Общность характеризуется господством социальных связей, основанных на соседстве и родстве и поддерживаемых скорее бессознательно, автоматически, чем сознательным образом. Основным связующим материалом выступает, таким образом, традиция, а подоплекой социальных отношений является мораль. Социальное в общности выступает как целое, предшествующее частям и доминирующее над ними. С институциональной точки зрения функционирование в общности осуществляется по неформальным правилам. Отношения между людьми, как правило, персонифицированные, основанные на длительном социальном контакте или кровном родстве. Экономическую основу отношений в общности составляют в первую очередь ремесло и натуральное семейное хозяйство в земледелии (Топше8, 1940; Миронов, 1998; Ерзнкян, 2006а, с. 38).
Таким образом, рыночные и нерыночные взаимодействия индивидов с наибольшей силой проявляются в обществе и общности, соответственно. К этому добавим, что они являются идеальными моделями общественных организаций; реальные же могут быть отнесены к ним лишь с большей или меньшей степенью уверенности.
3. ОРГАНИЗАЦИИ В РОЛИ ВЗАИМОДЕЙСТВУЮЩИХ СУБЪЕКТОВ
Поведение и действия организаций, или организованных в тех или иных формах групп индивидов, может быть уподоблено поведению и действиям индивидуальных игроков. При этом характеристики организованной группы мы не выводим из характеристик образующих ее индивидов: это разноплановые понятия - наподобие того, как аксиомой для математиков является разграничение понятий множества и его элементов; даже если множество состоит из одного элемента, это не меняет сути: и одноэлементное множество к своему элементу не сводится.

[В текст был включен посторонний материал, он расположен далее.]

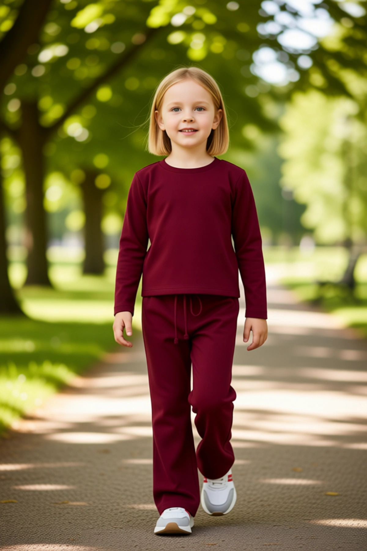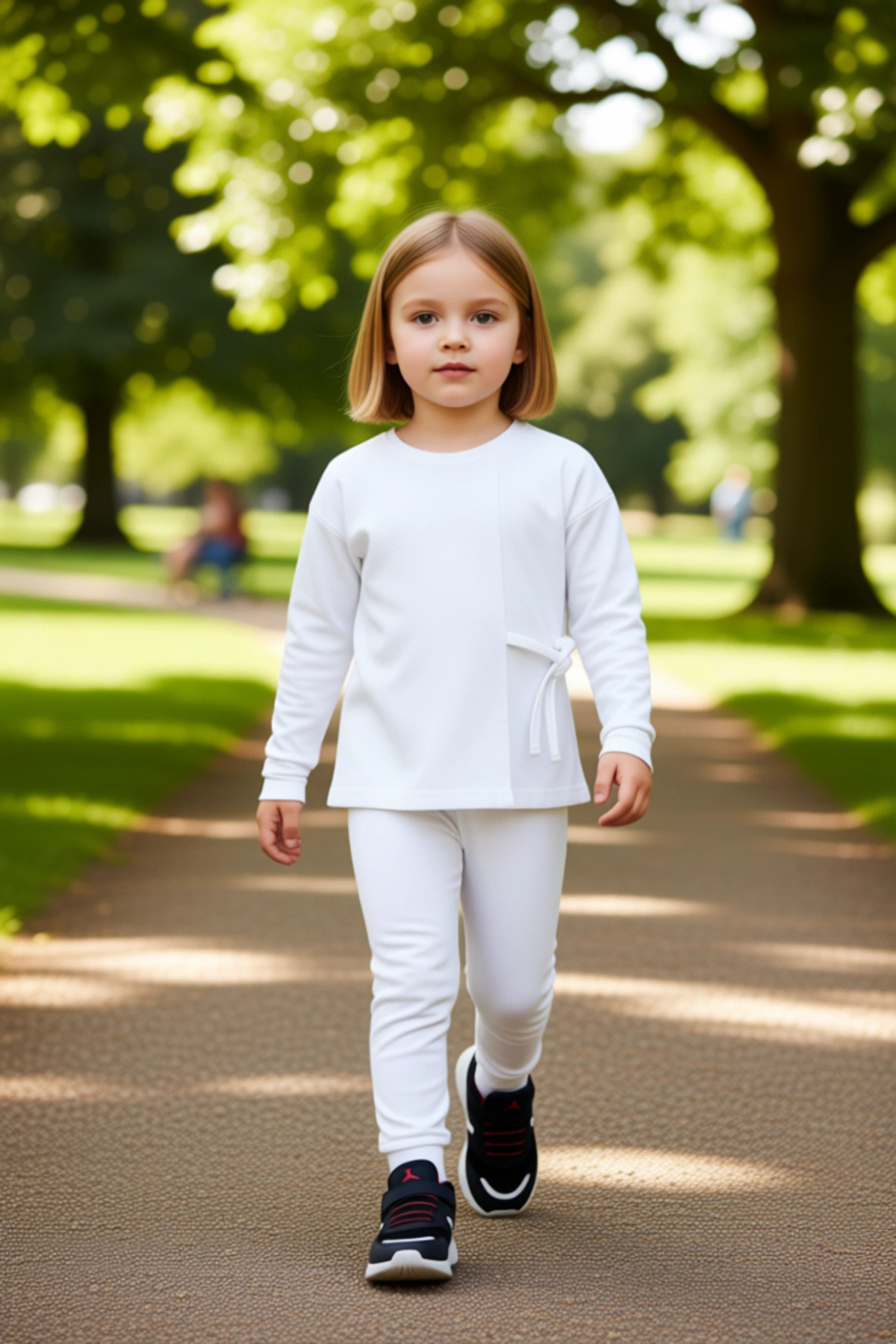 Kız Çocuk Düz Desenli Bisiklet Yaka Uzun Kollu Üst ve Esnek Tayt Kombinasyonu Kaliteli Şık

Такое понимание группового, общественного мироустройства идет в разрез со взглядами Джона Стюарта Милля («соединяясь в общество, люди не превращаются в нечто иное» (Миль, 1914, с. 798)) и Карла Поппера («поведение» и «действия» таких коллективов, как государства или социальные группы, должны быть сведены к поведению и действиям отдельных людей» (Поппер, 1992, с. 109)), но хорошо согласуется с позицией О.С. Гринберга и А.Я. Рубинштейна (2000). Примечательно, что даже ортодоксия с ее методологическим индивидуализмом в качестве главенствующего принципа, по существу, также исходит из этого, хотя и имплицитно, когда говорит о стремлении фирмы к максимизации прибыли, об их конкуренции или сговоре, о стратегическом взаимодействии фирм и пр.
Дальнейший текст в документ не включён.